My mentor, Dr. Coridan, was my professor for Chemistry II for Majors during spring of my freshman year. I really enjoyed having him as a professor, and I became interested in his group’s research after hearing him talk about it in class. During my sophomore year, I reached out to him to see if there were openings in his lab for undergraduates. Dr. Coridan gave me a tour of the different projects his students were working on and the different equipment they had available to see what piqued my interest. I ended up settling into work involving electrodeposition under the guidance of a graduate student, which led to the development of my thesis project.

The overall aim of my project is to develop a method of patterning gold (Au) that is cheaper and more efficient than the conventionally used photolithography. Micropatterned Au has a variety of applications in microelectronics, electrocatalysts, miniaturized antennae, etc., but not all of these applications justify the complicated, expensive, and time-consuming process of photolithography. In previous research, our group developed a method of electrodepositing Au onto a patterned, photodoped cuprous oxide (Cu₂O) film, resulting in a Au pattern. The problem is that for the Au pattern to be useful, it can’t be on a conductive substrate like the Cu₂O electrode. My specific goal is to isolate the Au pattern from the Cu₂O electrode so that it can be transferred to a more useful substrate (ex. a silicon wafer), while maintaining the pattern’s integrity.

My past year of funded research has been fun, enlightening, and frustrating at times. My main goals for 2022 were to master Cu₂O and subsequent Au electrodeposition, find a solution that completely etches Cu₂O while leaving Au, and to synthesize a hydrogel that allows the etchant through to the Cu₂O while adhering to the intact Au. The results so far have been a little unorthodox. I discovered that the best stencil for selectively depositing Au onto the Cu­₂O electrode is neon green nail polish. I learned that the best hydrogel stamp for etching Cu₂O while leaving Au is not one that I can make myself; it’s a burn bandage from Target. Besides learning electrodeposition techniques, I’ve also had the opportunity of learning how to use interesting instruments like the UV-Vis, and to work on side projects like a developing a machine-learning program for predicting refractive properties of materials developed in our lab.
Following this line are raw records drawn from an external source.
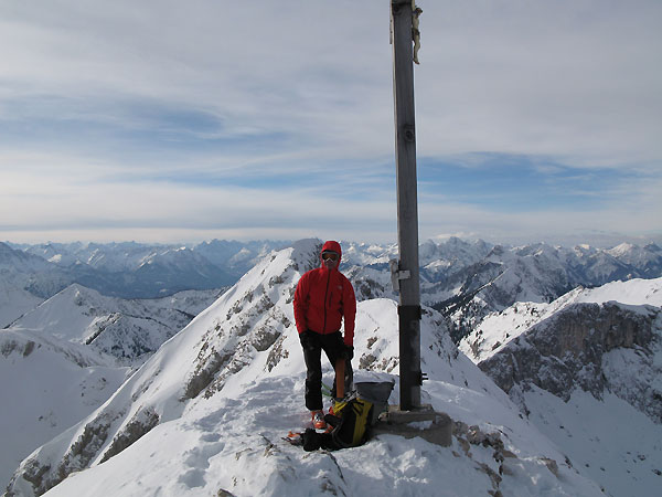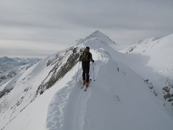 Tourenverhältnisse: Schneemenge völlig ausreichend. Harte Unterlage, darüber Pulver - leider mit Kruste. Dennoch war es mit entsprechender Technik gerade in den flacheren Bereichen ganz gut zu fahren, die Kruste war eher dünn. Eine kurze südseitige Passage war ziemlich harchig. Im Gipfelbereich alles windverblasen. Die Querung im Hasentalgraben war griffig, daher ganz gut zu gehen.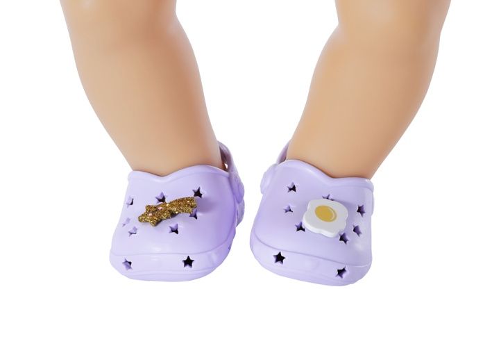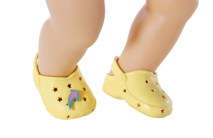 Jsou prázdniny! Na dovolené toho můžeme spoustu zažít a objevit. K tomu ale potřebujeme boty, které jsou vhodné i do vody a které můžeme rychle vyzout, když chceme jít na pískoviště. BABY born Gumové sandálky jsou k dispozici ve čtyřech různých barvách. Žluté jako slunce, zelené jako tráva, fialové jako šeřík a červené jako jahodová zmrzlina. S roztomilými nacvakávacími ozdobami můžete sandálky ozdobit každý den jinak.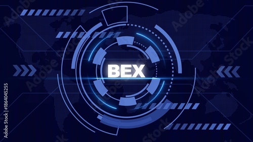 Futuristic Digital Interface with BEX Text and World Map Background technology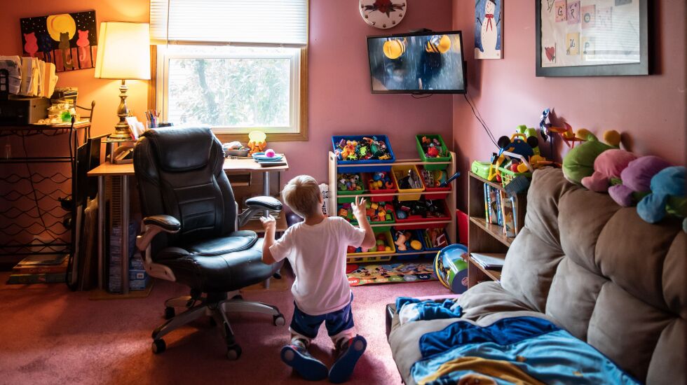 Now, he’s back to watching “Mickey Mouse Club” and “Bluey” cartoons, rubbing a squishy gray blanket on his face, army-crawling at a furious pace from room to room and, when someone needs to get at his G-tube to feed him, pulling up his shirt to help.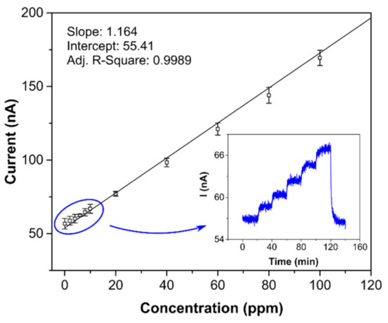 Calibration curve for the sensor with semi-planar topology and aerosol-jet printed compact Au electrode (5 layers); each point represents a mean value of 3 repeated exposures with corresponding 95% confidence interval; inset: current-time record within the range 0–10 ppm in steps of 2 ppm. Conditions: 22 °C, 40%RH, 101.325 kPa, 1 L/min.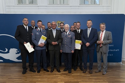 Foto (Innenministerium Baden-Württemberg / Leif Piechowski): v.l.n.r.: Markus Arnold, Steffen Kwiatkowski, Alexander Baur, Uwe Pawlitschko, Tobias Vester, Innenminister Thomas Strobl, Philipp Damm, Edmund Baur, Michael Schilling, Ralf Kreidenweiß, Christian Bruchner, Andreas Aschbacher, Ulli Hockenberger MdL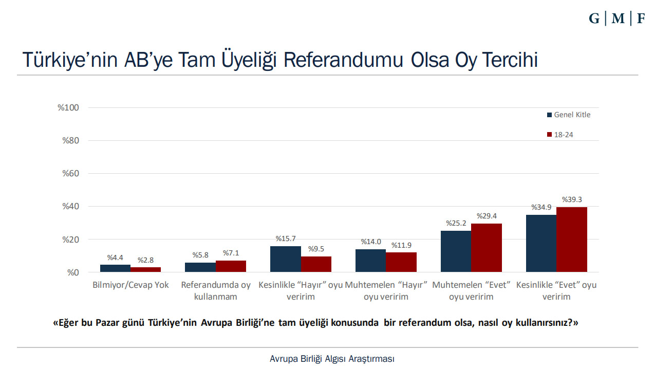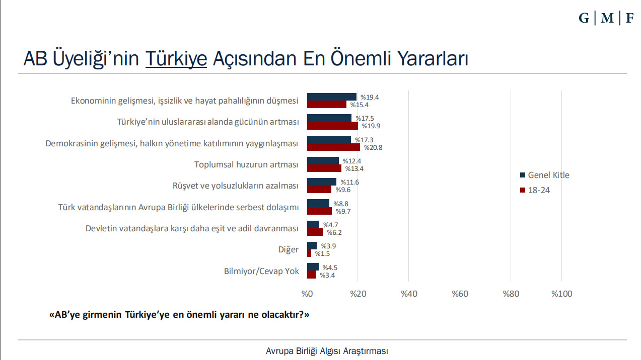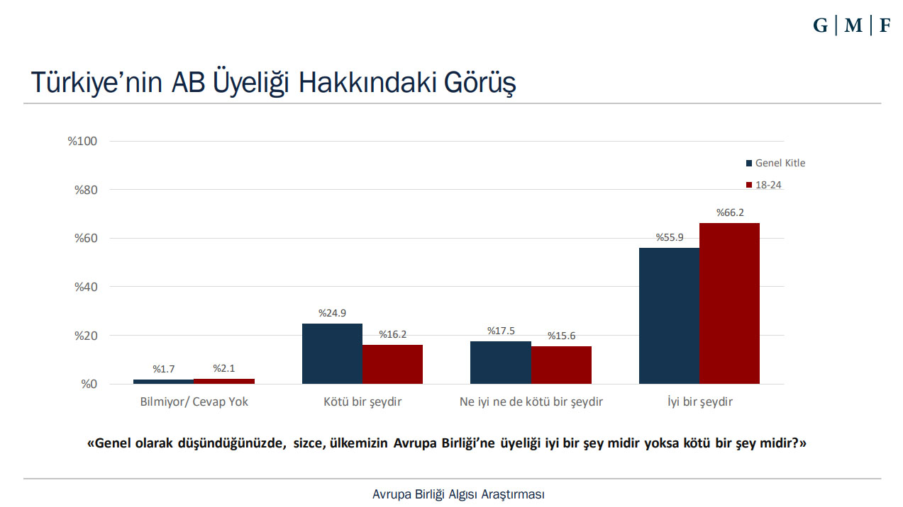 Türkiye’nin AB üyeliği hakkında görüş bildiren katılımcıların yüzde 55,9'u AB üyeliğinin iyi olduğunu belirtirken bu oran 18-24 yaş arası gençlerde yüzde 66,2 olarak ölçüldü.

My research experiences have taught me that chemistry is not all about mysterious green liquids in beakers, perfect precision, and the occasional explosion. It’s also about thinking outside the box and combining the new and the old to develop an innovative method for addressing the world’s needs. This valuable time in the lab has led me to pursue a career in research. For my next steps, I am applying to a PhD program to continue my education in chemistry.